AIM OF THE TASK: Retype only the lines running from the beginning of the entries below to the line with "为推进本学年各项责任目标有序", both included. Do not include pictures.

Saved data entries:
□ □ □

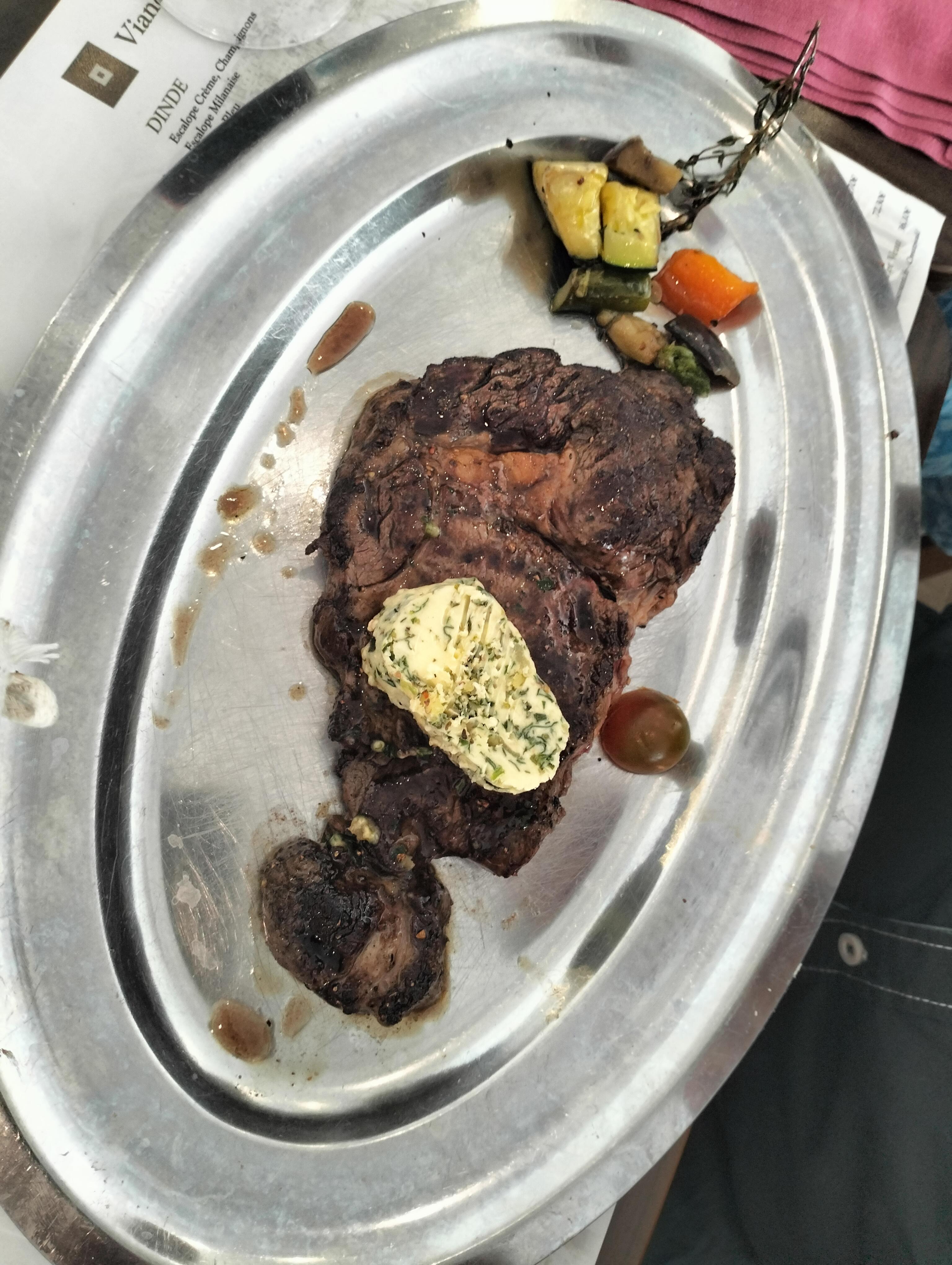 Y a t il eu un changement de cuistot ? Filet de bœuf cuisiné à la façon pot au feu et Pommes de terre calcinées ! Le gérant pas concerné par la clientèle … Heureusement que la serveuse toujours Souriante a fait de son mieux !
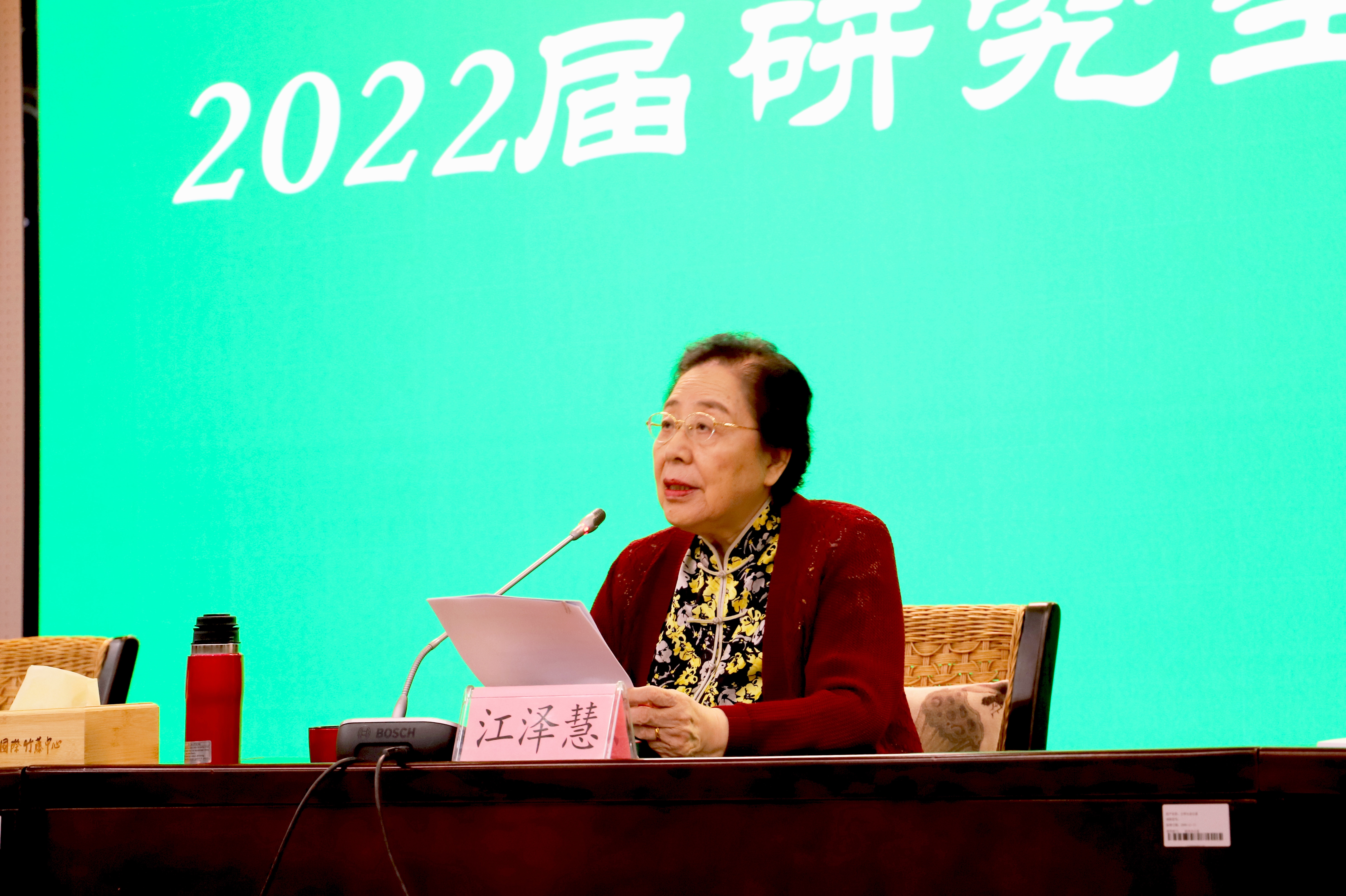 江泽慧教授在讲话中希望毕业生延续爱党爱国、不忘初心的精神和创新奉献科学热情,新征程中脚踏实地、求真务实,坚持诚信与正直、执着与勇气,肩负起对自己、对亲人、对家庭、对社会、对祖国的责任,充分释放自我潜力和能量,用锲而不舍的精神和志向超迈的情怀,在创造、奉献、奋斗中不断突破自我、升华自我,成就光辉的人生!
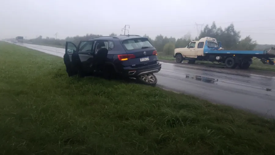 Según informó el Puesto de Control Vial Zárate Brazo Largo, el impacto fue tal que uno de los neumáticos se desprendió, dejando el automóvil inmovilizado en el acto.
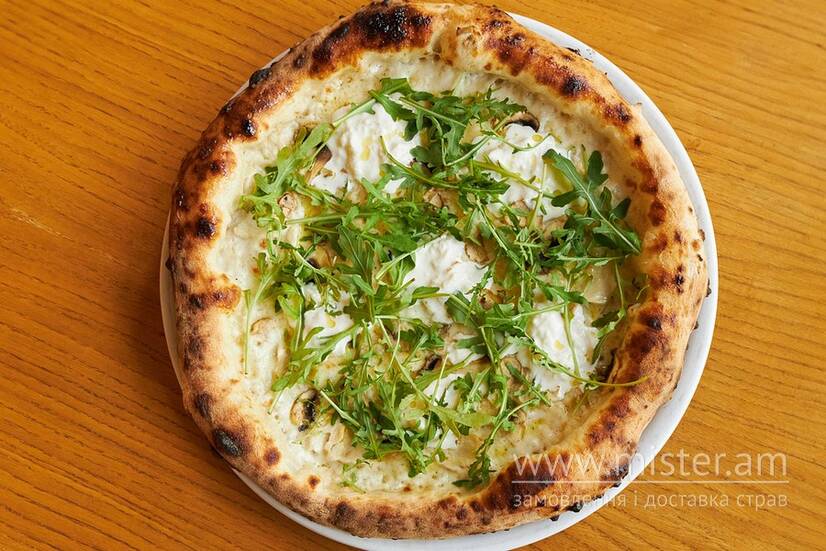 Тісто ферментоване, вершкова основа бешамель, моцарела, куряче філе, печериці, страчатела, олія трюфельна, рукола, часникова олія.
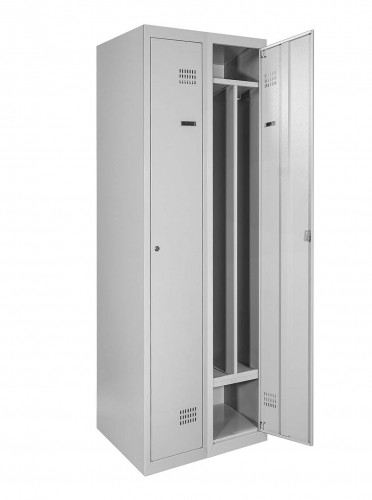 Кожна секція шафи обладнана 4 гачками для легкого підвішування одягу, перекладеною для вішаків, а також поличкою для зручного розміщення речей. Крім того, кожна секція оснащена врізним механічним замком типу прапорця з двома ключами для забезпечення максимальної безпеки зберігання. Таким чином, шафи одягові металеві є надійним та функціональним рішенням для організації зберігання одягу у будь-якому приміщенні.
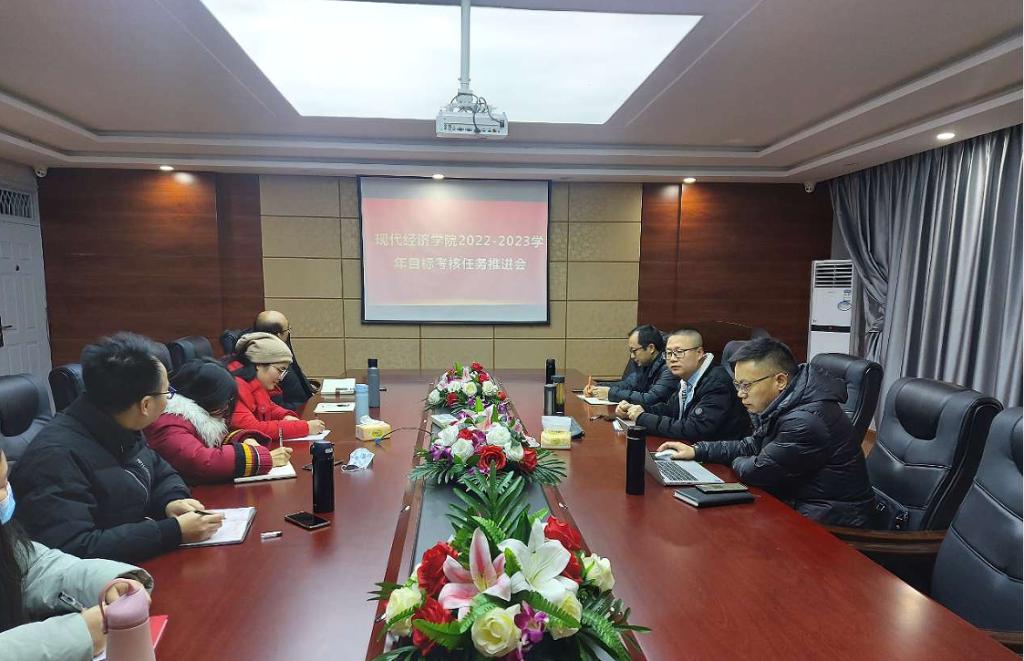 为推进本学年各项责任目标有序推进,1月9日上午,现代经济公司在博识楼407会议室召开公司年度目标考核工作推进会。公司院领导、各中心主任及各系正、副系主任参加了此次会议。
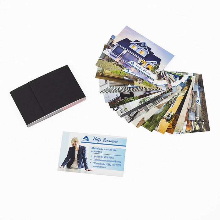 Elke set van 20 kaarten wordt geprint met de modernste digitale techniek. Het dikke papier met satijnglans geeft jouw ontwerpen een hoogwaardige, professionele look. Dankzij het handige boekje met magnetische sluiting neem je de kaarten veilig mee en scheur je ze eenvoudig uit wanneer je nieuwe contacten legt. Je kunt ervoor kiezen om alle kaarten identiek te maken of om per kaart een ander design te tonen. Zo zet je in één keer een compleet mini-portfolio neer.
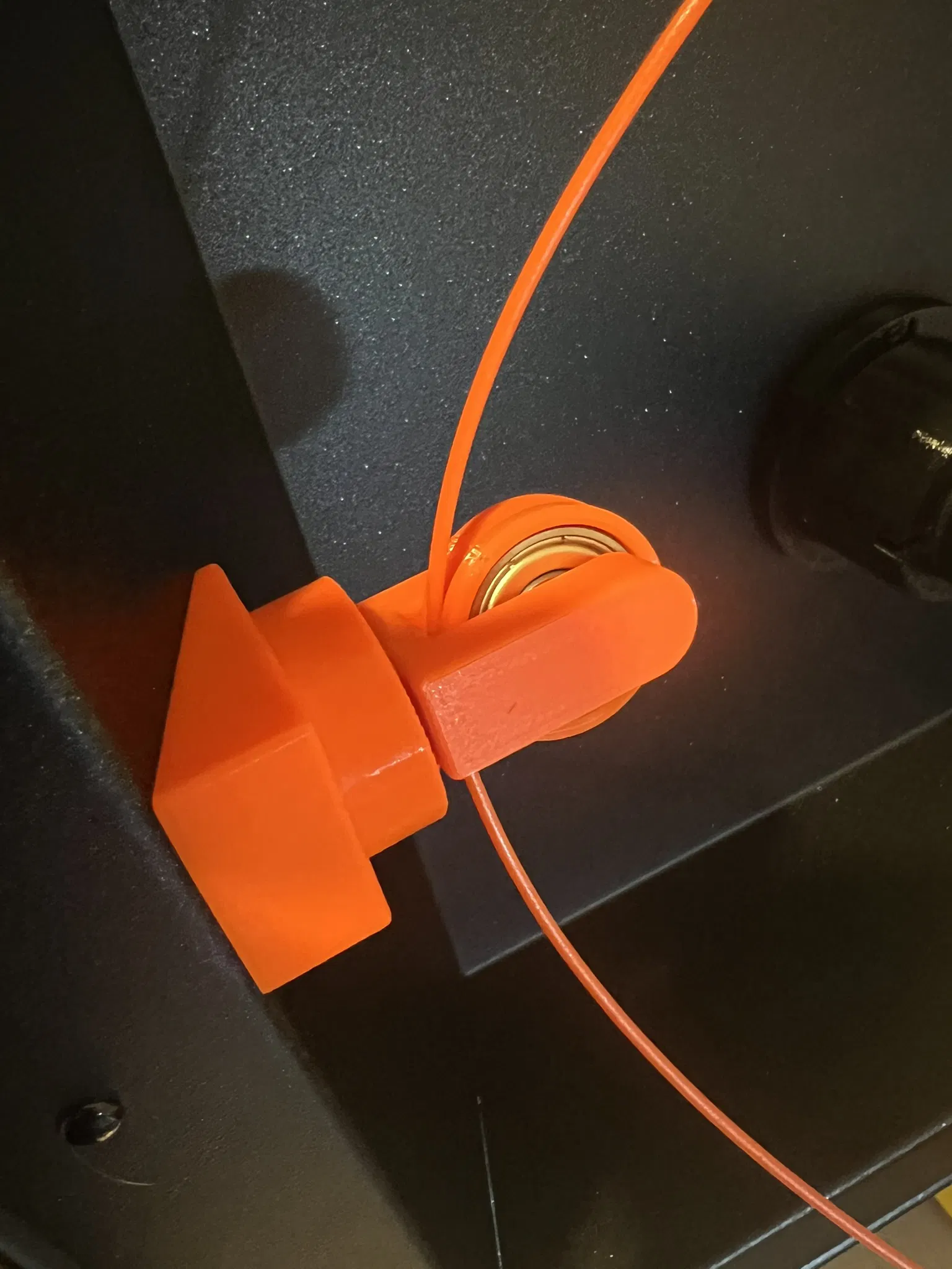 Dẫn filament cho Core One khi bạn không dùng spool holder và in từ dry box. Thiết kế fit rất chặt nên không cần dán keo. In PETG 2 walls, infill 15%. Lắp với 2 vòng bi 608 và 4 nam châm 10x3 mm.

□ □ □

TASK RESPONSE:
 Y a t il eu un changement de cuistot ? Filet de bœuf cuisiné à la façon pot au feu et Pommes de terre calcinées ! Le gérant pas concerné par la clientèle … Heureusement que la serveuse toujours Souriante a fait de son mieux !
 江泽慧教授在讲话中希望毕业生延续爱党爱国、不忘初心的精神和创新奉献科学热情,新征程中脚踏实地、求真务实,坚持诚信与正直、执着与勇气,肩负起对自己、对亲人、对家庭、对社会、对祖国的责任,充分释放自我潜力和能量,用锲而不舍的精神和志向超迈的情怀,在创造、奉献、奋斗中不断突破自我、升华自我,成就光辉的人生!
 Según informó el Puesto de Control Vial Zárate Brazo Largo, el impacto fue tal que uno de los neumáticos se desprendió, dejando el automóvil inmovilizado en el acto.
 Тісто ферментоване, вершкова основа бешамель, моцарела, куряче філе, печериці, страчатела, олія трюфельна, рукола, часникова олія.
 Кожна секція шафи обладнана 4 гачками для легкого підвішування одягу, перекладеною для вішаків, а також поличкою для зручного розміщення речей. Крім того, кожна секція оснащена врізним механічним замком типу прапорця з двома ключами для забезпечення максимальної безпеки зберігання. Таким чином, шафи одягові металеві є надійним та функціональним рішенням для організації зберігання одягу у будь-якому приміщенні.
 为推进本学年各项责任目标有序推进,1月9日上午,现代经济公司在博识楼407会议室召开公司年度目标考核工作推进会。公司院领导、各中心主任及各系正、副系主任参加了此次会议。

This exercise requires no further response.